**Your instructions:** Keep the images out and set the listing below down word for word.

**Records to use:**
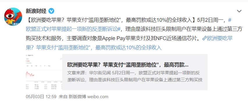 限制用户在苹果设备上通过第三方购买技术和服务,主要调查对象是Apple Pay苹果支付及其NFC近场通信芯片。
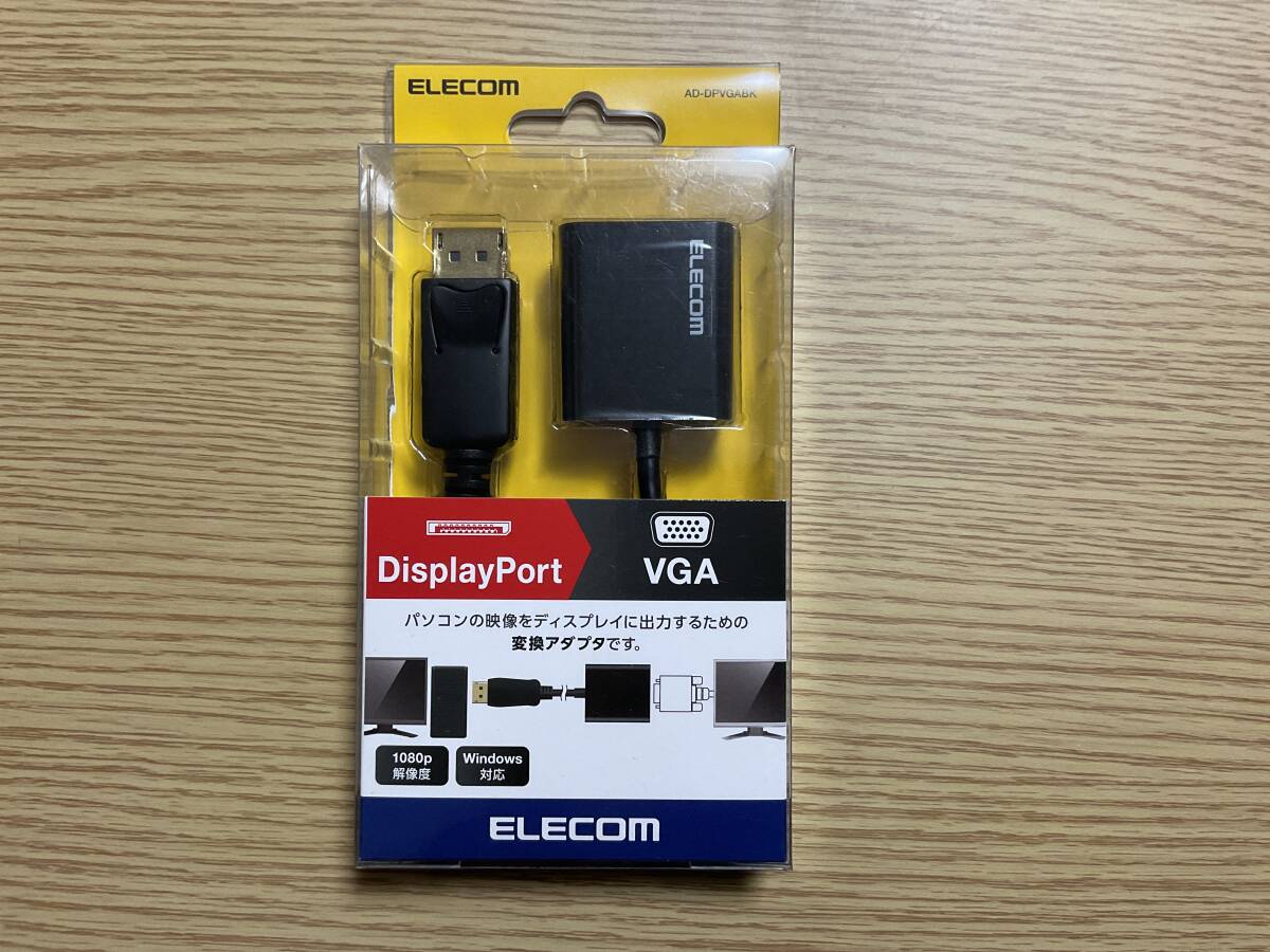 ELECOM製のDisplayPort→VGA変換アダプタ「AD-DPVGABK」です。
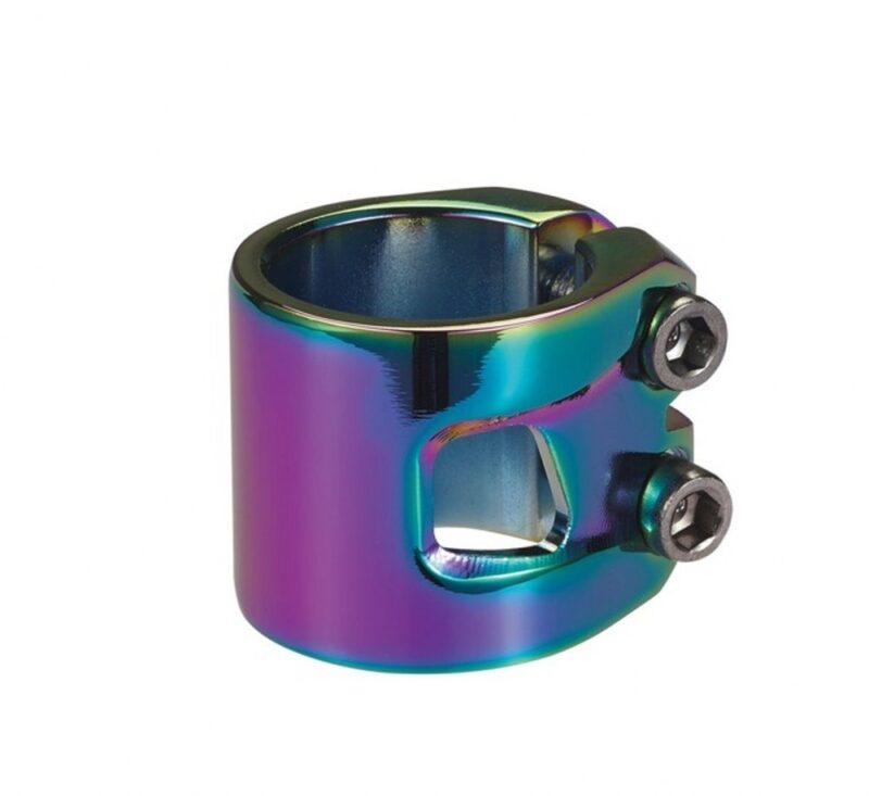 Die Chilli klem in Neochroom is een compacte, dubbelbouts stuurklem voor freestyle steps. Deze Chilli klem is bedoeld voor unisex rijders die betrouwbare klemkracht en eenvoudige montage willen.Het grote voordeel: gelijkmatige druk met twee stalen inbusbouten, zodat je bar strak blijft zitten. Op de foto zie je een iriserende neochroom klem met twee zwarte boutkoppen en een helder wit Chilli-logo aan de voorzijde.De behuizing is massief aluminium met afgeronde randen en nette afschuiningen. De regenboogfinish wisselt van groen en paars naar goud, afhankelijk van het licht. De combinatie van solide body, strakke passing en lage bouwhoogte geeft stabiele klemming zonder dat de klem in de weg zit.
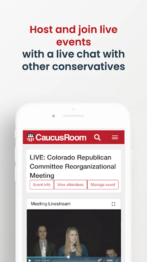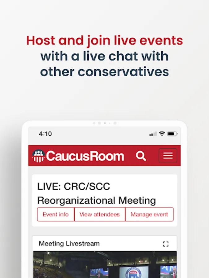 - Attend or host “Virtual Events” of any size right on CaucusRoom! With livechats, and secret-ballot voting/survey capabilities for meeting hosts to build and moderate.
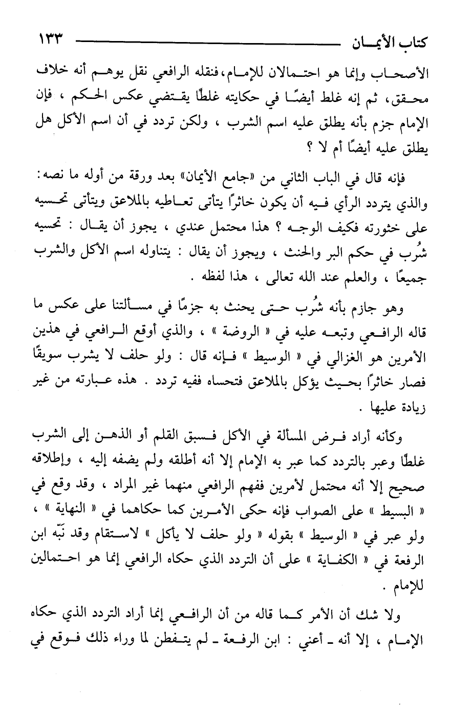 فإنه قال في الباب الثاني من "جامع الأيمان" بعد ورقة من أوله ما نصه: والذي يتردد الرأي فيه أن يكون خاثرًا يتأتى تعاطيه بالملاعق ويتأتى تحسيه على خثورته فكيف الوجه؟ هذا محتمل عندي، يجوز أن يقال: تحسيه شُرب في حكم البر والحنث، ويجوز أن يقال: يتناوله اسم الأكل والشرب جميعًا، والعلم عند الله تعالى، هذا لفظه.

**Response to this exercise:**
 限制用户在苹果设备上通过第三方购买技术和服务,主要调查对象是Apple Pay苹果支付及其NFC近场通信芯片。
 ELECOM製のDisplayPort→VGA変換アダプタ「AD-DPVGABK」です。
 Die Chilli klem in Neochroom is een compacte, dubbelbouts stuurklem voor freestyle steps. Deze Chilli klem is bedoeld voor unisex rijders die betrouwbare klemkracht en eenvoudige montage willen.Het grote voordeel: gelijkmatige druk met twee stalen inbusbouten, zodat je bar strak blijft zitten. Op de foto zie je een iriserende neochroom klem met twee zwarte boutkoppen en een helder wit Chilli-logo aan de voorzijde.De behuizing is massief aluminium met afgeronde randen en nette afschuiningen. De regenboogfinish wisselt van groen en paars naar goud, afhankelijk van het licht. De combinatie van solide body, strakke passing en lage bouwhoogte geeft stabiele klemming zonder dat de klem in de weg zit.
 - Attend or host “Virtual Events” of any size right on CaucusRoom! With livechats, and secret-ballot voting/survey capabilities for meeting hosts to build and moderate.
 فإنه قال في الباب الثاني من "جامع الأيمان" بعد ورقة من أوله ما نصه: والذي يتردد الرأي فيه أن يكون خاثرًا يتأتى تعاطيه بالملاعق ويتأتى تحسيه على خثورته فكيف الوجه؟ هذا محتمل عندي، يجوز أن يقال: تحسيه شُرب في حكم البر والحنث، ويجوز أن يقال: يتناوله اسم الأكل والشرب جميعًا، والعلم عند الله تعالى، هذا لفظه.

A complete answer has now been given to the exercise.